A while back, I had the good fortune of being invited to a friend’s house to sample the delicious Mexican-American cuisine of Chica’s Chef Maria Esquivel. At the time, Maria was working hard on building her business and establishing her menu, no easy task in the competitive, foodie-crazed-scene that is the Bay Area today. The menu she prepared for this group of friends included tortas, chicharrónes, and fried plantains. I had sampled many a torta before, and good ones too, but they failed to adequately prepare me for the creativity and combinations of flavors that Maria would be serving that evening.
We gathered around the communal table, catching up and listening to 90’s hits while Maria lovingly prepared our tortas. The first torta we sampled was a seared skirt steak with re-fried Oaxacan beans, pickled carrot and jalapeno, mustard greens, and Oaxacan cheese. The simple preparation of these ingredients, expertly layered in a toasted bolillo was just what we were all craving. Crunchy, chewy, tender and bright, the flavors silenced the crowd and we all got to eating. The second torta was one I had been anticipating from the minute I arrived at the apartment. Maria had been busy that day making Birria. Birria is a traditional Mexican dish from the state of Jalisco and is typically made for special religious holidays and weddings. It is goat or lamb slowly braised for hours in a sauce of tomatoes, chiles and adobo and has been long rumored to be a fool-proof hangover cure. Maria had been braising our Birria for no less than nine hours and this evening we wouldn’t be eating it out of bowls with tortillas, but in a torta instead. Maria paired the lamb Birria with a fig-Dijon mustard and a salsa criolla of red onion, cilantro, and lime. In case this wasn’t enough, she also served freshly made chicharrónes.
I walked back to my car with a full and happy belly, wondering when I would get to sample Maria’s tortas again. Luckily for me – and for all of us – Chica has been accepted as a vendor at San Francisco’s Off the Grid at Fort Mason. With the grand opening on Friday, March 6, we don’t have long to wait!
After sampling Maria’s delicious tortas, I wanted to learn more about the chef behind Chica. The following are some questions that Maria was kind enough to entertain:
How did you get into cooking?
I honestly never thought I would be here, learning from and working along side great chefs. Rewind to my late 20’s, I was unhappy, felt miserable and stuck working in the corporate world. The only thing that made me feel like I had a purpose was when I would cook for my friends and roommates…I would have no problem hiding in the kitchen for hours. I guess you can say one day I “broke.” I quit my job and went back to school.

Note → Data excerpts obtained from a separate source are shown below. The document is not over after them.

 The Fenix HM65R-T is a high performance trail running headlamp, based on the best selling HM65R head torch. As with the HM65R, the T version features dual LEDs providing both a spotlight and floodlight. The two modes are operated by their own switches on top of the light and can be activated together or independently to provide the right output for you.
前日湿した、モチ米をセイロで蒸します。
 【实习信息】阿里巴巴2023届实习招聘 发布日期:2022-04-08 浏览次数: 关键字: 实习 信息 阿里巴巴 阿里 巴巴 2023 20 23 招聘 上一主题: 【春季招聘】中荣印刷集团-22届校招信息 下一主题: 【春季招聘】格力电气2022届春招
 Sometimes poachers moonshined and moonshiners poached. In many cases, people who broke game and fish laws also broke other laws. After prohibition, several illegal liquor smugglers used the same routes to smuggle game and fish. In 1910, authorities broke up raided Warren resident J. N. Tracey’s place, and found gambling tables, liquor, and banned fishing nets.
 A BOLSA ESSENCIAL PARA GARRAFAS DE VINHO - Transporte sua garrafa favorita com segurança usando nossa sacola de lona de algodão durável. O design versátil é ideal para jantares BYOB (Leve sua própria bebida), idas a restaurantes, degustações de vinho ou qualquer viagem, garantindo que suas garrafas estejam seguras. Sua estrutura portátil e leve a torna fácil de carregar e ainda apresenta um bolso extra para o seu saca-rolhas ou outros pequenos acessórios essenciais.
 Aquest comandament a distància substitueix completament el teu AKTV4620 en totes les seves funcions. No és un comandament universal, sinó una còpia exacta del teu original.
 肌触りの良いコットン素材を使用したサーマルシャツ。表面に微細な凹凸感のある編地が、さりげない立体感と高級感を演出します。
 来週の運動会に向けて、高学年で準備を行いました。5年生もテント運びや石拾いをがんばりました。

I completed my Business degree from San Francisco State University and ultimately decided to attend culinary school at LeCordon Bleu SF. It was something I had always wanted to do, but never thought I had the confidence to pursue. Attending was the best decision I ever made. Learning from Chef mentors and learning the complexity of the kitchen culture as a whole was so fascinating and addicting. Four years later, this addiction for the kitchen life is stronger than ever…and now I am pursuing the opportunity of opening my own business, CHICA.
How would you describe your culinary style?
I’m known for having a Chicana (Mexican-American) style. Mexican flavors with a Northern California feel. I also love learning about other Latin-American cultures and foods, usually incorporating those influences into my dishes as well.
How can people find your food?
CHICA can be found in the 2015 Season of the Fort Mason Off the Grid as a tented vendor. Every Friday, starting March 6th through October, from 5p-10p. Any additional locations will be updated on our website, chicasf.com. We are also accepting catering requests.
We absolutely recommend visiting Chica at Off the Grid if you’re in the San Francisco Bay Area – we may even see you there!